Моя пустая квартира гостеприимно вместила в себя жаждущих слиться в дружеском экстазе общения юношей и девушек. А я, окрыленная внезапно обрушившимся на меня «доверием», играла роль хлопочущей хозяйки: бегала из комнаты в кухню, что-то приносила, подливала, накладывала. Вела я себя наподобие мамаши, которая выдает свое дитя замуж: старается не помешать «молодым», но в то же время на подхвате в любую минуту. Я и не предполагала, что «выдаю замуж» самое себя и нахожусь в пяти минутах от своей новой любви, внезапной и стремительной. Кто-то из гостей поймал меня за руку и потащил в комнату танцевать под музыку из американского мюзикла «Лихорадка в субботу вечером», а точнее, под обработку бетховенской пятой симфонии. Знаменитое вступление: «Па-па-па-пам!» — способно мертвого поднять из гроба, не то что меня оторвать от мытья посуды. Признаться, я очень люблю танцевать и делаю это по-шамански, когда я в ударе. Так случилось и на этот раз, благо что музыка позволяла впасть в экстаз. Я начала крутиться на месте, усиливая вращение по мере ускорения ритма (а это движение и является одним из атрибутов шаманских ритуалов) — и, по всей вероятности, наколдовала что-то в воздухе.

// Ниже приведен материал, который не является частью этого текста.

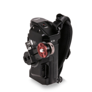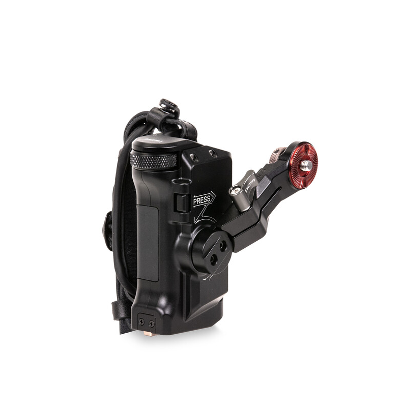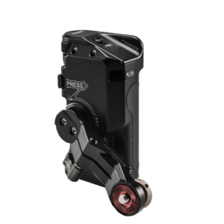 La poignée se fixe sur le côté de votre cage Tiltaing à l'aide de l'adaptateur de poignée droite dédié Type IV, V ou VI de votre choix. Chacun de ces adaptateurs de montage utilise un type de fixation différent, comme une rosette ou un rail NATO. La poignée accepte une batterie Sony F570, vendue séparément. Un câble USB inclus relie la poignée à votre moteur Nucleus-Nano pour l'alimenter avec la batterie F570 et permettre le contrôle de la mise au point via la molette. La poignée dispose de deux connexions : une sortie USB Type-C régulée 8V où se branche le câble USB et une sortie 12 VDC.
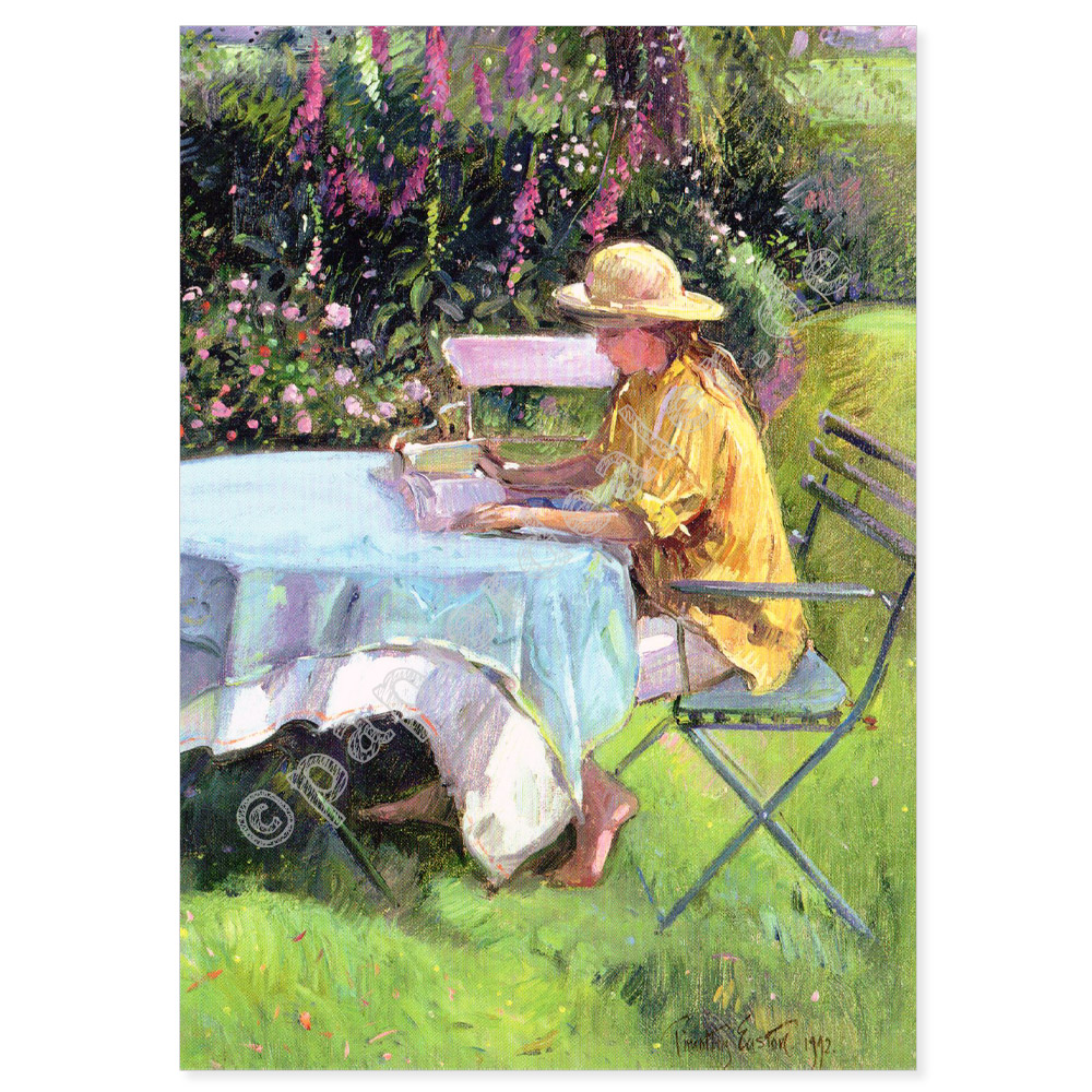 Keywords: postkarte, karte, postcrossing, kunst, gemälde, frau, timothy easton, garten, lesen, tisch, stuhl, grün, relax
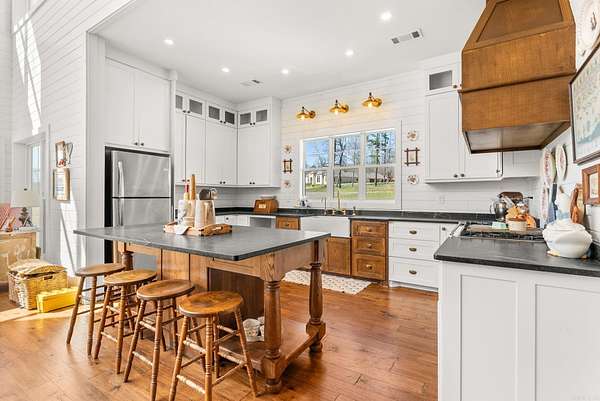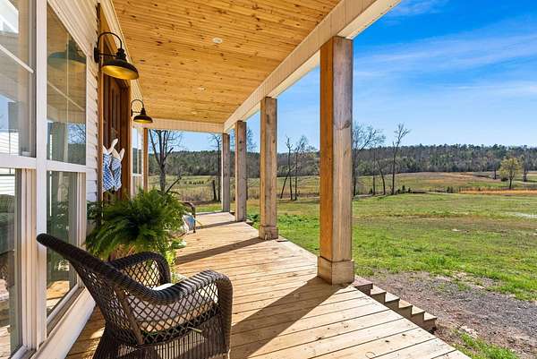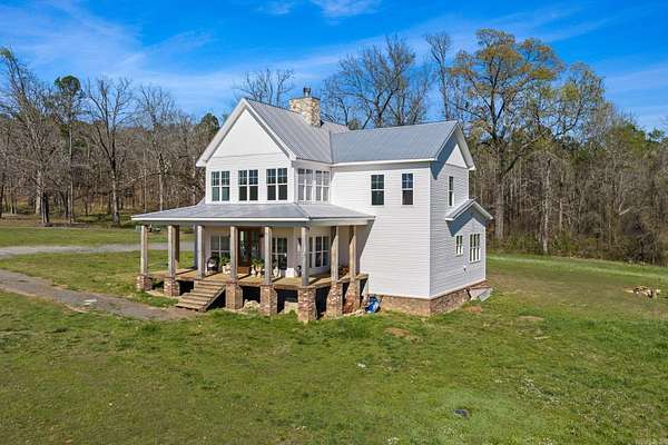 Welcome to your private country oasis! Nestled in an exclusive gated community in Mayflower, this stunning 3,000+ sq ft modern farmhouse sits on 20 picturesque acres complete with a meandering creek. With wide-open spaces, there is endless potential for a future barn, horses, or livestock. Inside, soaring two-story ceilings and crisp white shiplap walls beautifully frame the magnificent floor-to-ceiling stone fireplace. Hardwood floors flow seamlessly into the open-concept chef’s kitchen, boasting a large island, elegant countertops, and a custom wood range hood. The meticulous floor plan features 4 beds and 3.5 baths. The main level includes a luxurious primary suite with a spa-like bath and massive closet, plus a second en-suite bedroom, walk-in pantry, and guest half-bath. Upstairs offers two generously sized bedrooms with walk-in closets and a shared full bath, connected by a balcony overlooking the stunning living area below. Complete with a durable metal roof, covered porches, and an oversized attached garage with extra storage. A rare opportunity for premium Arkansas country living!
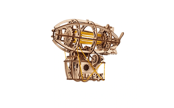 Este mini-dirigible refleja la sensibilidad retro de estilo Steampunk tan característica de Ugears, con una cabina del estilo de la de un remolcador y con porche trasero, un motor de gomas elásticas con interruptor Start/Stop, hélices accionadas por motor, un volante giratorio, estabilizadores móviles y unas ruedas, que permiten que la maqueta pueda moverse en una superficie plana hasta 2 m hacia delante y atrás, lo que le proporciona este toque especial del movimiento mecánico.
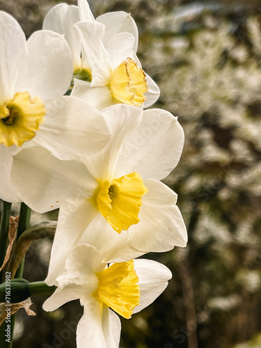 © Anastasiya Famina, Fototapeta premium Bouquet of white daffodils on the background of cherry blossoms in the garden. The first spring flowers

С последним аккордом меня подхватили и проводили обратно на кухню, где я смогла перевести дух и остановить головокружение. Моя языческая радость произвела впечатление, у меня нашлись «сочувствующие» — красавец доктор тут же пригласил меня танцевать, чем озадачил влюбленную в него хорошенькую девушку. Долг гостеприимства обязывал согласиться, и я пошла снова. Как только музыка затихла, я собралась было отправиться на свое место на кухню, но партнер удержал мою руку и, дождавшись начала следующей мелодии, вновь повел меня в танце. Все принялись наблюдать за откровенным ухаживанием. А может, это был мгновенный страстный недуг, поразивший «доктора» на глазах всего честного народа? Игнорируя всеобщее внимание, он танцевал со мной, то обводя вокруг себя, то отстраняясь на расстояние вытянутой руки, и не отводил взгляда от моих глаз, словно проверял охватившее нас обоих новое чувство. Влюбленная девушка занервничала и вышла на кухню, затем в туалет, затем растворилась — по всей вероятности, ушла домой. Раздался междугородный телефонный звонок, я побежала ответить — звонил Алеша Менглет из Гамбурга. «Кто там у тебя?» — с завистью выспрашивал он. Я начала перечислять всех поименно орущих за моей спиной друзей. «Все? Ах, даже доктор Айболит, понятно… будь осторожна, как бы тебя не подкараулил кто-нибудь из наших подруг с пистолетом за пазухой!» — со знанием дела заметил Алешка. «Кто из подруг? Кто караулит… ты о чем?» — переспрашивала я, пытаясь понять, на что он намекает. «Ну кто-нибудь. Кто-то ведь всегда караулит…» — устало заключил мой друг.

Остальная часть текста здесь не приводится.